Department, Office of Diversity, Dean sponsor lecture, dance demonstration by Piscataway Indian Nation singers, dancers

The Etownian November 28, 2012 0
Department, Office of Diversity, Dean sponsor lecture, dance demonstration by Piscataway Indian Nation singers, dancers

On Wednesday, Nov. 28 at 11 a.m., the sociology and anthropology department, in conjunction with the Office of Diversity and Dean of Faculty, sponsored a lecture and dance demonstration by the Piscataway Indian Nation Singers and Dancers. Founded by Mark Wild Turkey Tayac, grandson of the late Chief Turkey Tayac and son of current Chief Billy Redwing Tayac, the group has traveled the world – from Canada to Mexico to Europe – educating audiences of all ethnicities and ages about the origins, traditions, songs, dances and beliefs of the Piscataway people. The group has approximately 20 performers who visit colleges and universities, museums, government agencies and schools across the United States and abroad, and they have received numerous awards for their demonstrations. In celebration of Native American Heritage Month, Elizabethtown College welcomed Tayac and three talented members of the Piscataway Indian Nation Singers and Dancers to the College for a dance and lecture in the KAV.

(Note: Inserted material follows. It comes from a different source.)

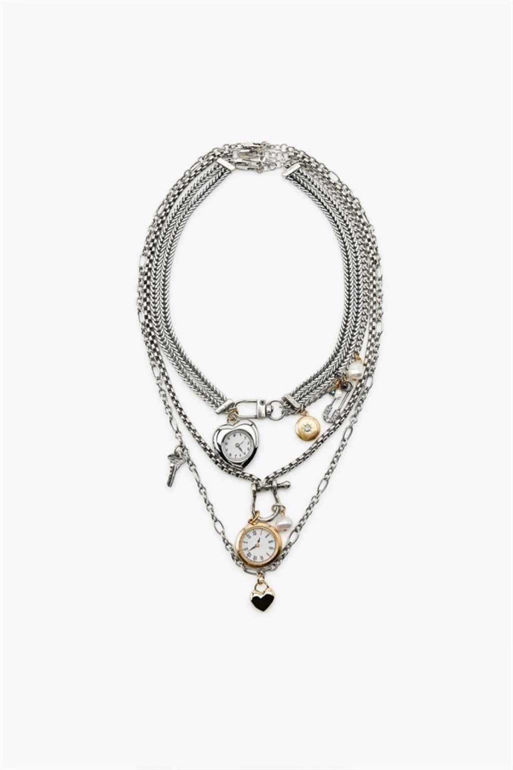 3'lü Saat Ve Charm Kolye - Gümüş
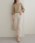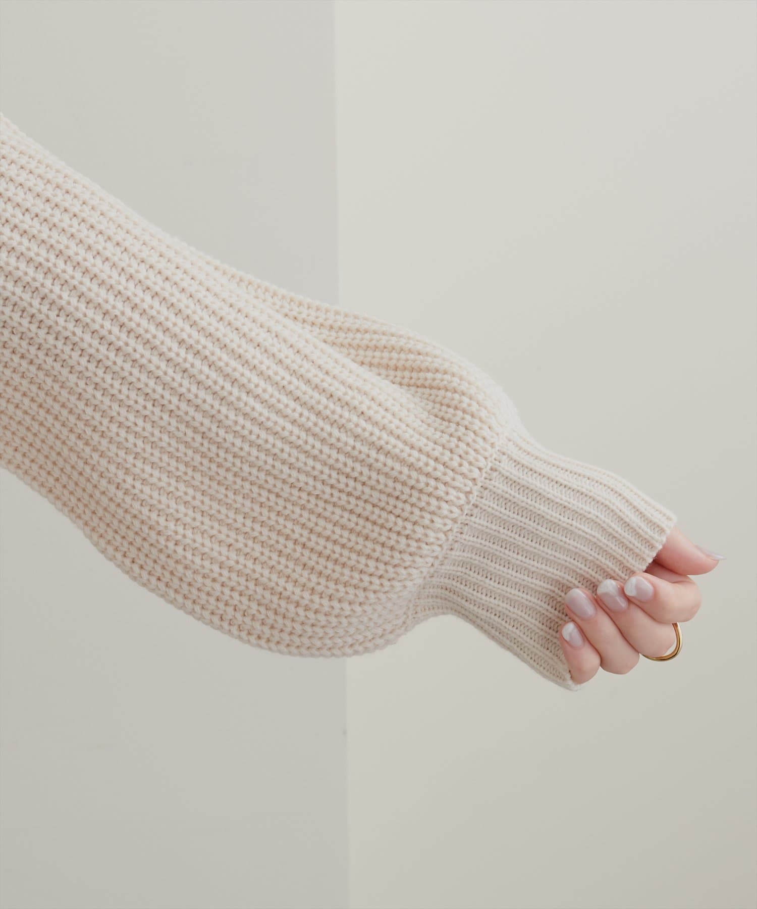ほのかにボリュームのあるお袖と裾のリブは、1枚で着用した際どの角度からでも女性らしく見えるポイント。

“We are descendants from a very strong and beautiful people,” Tayac said in his introductory address. He explained that the Piscataway Indian Nation, in its 17th-century prime, possessed a territory in the Chesapeake Bay area that was the largest of any other nation on the east coast, dominating all of Maryland, portions of Delaware and New Jersey and even tracts of land in Pennsylvania and eastern Ohio. The Nation has existed for nearly 15,000 years, evidence of their presence in the landscape dating back to prehistoric times. The expansiveness of their territory and the borders of their homeland, Tayac said, is defined by how far-reaching the use of their native language was in these areas.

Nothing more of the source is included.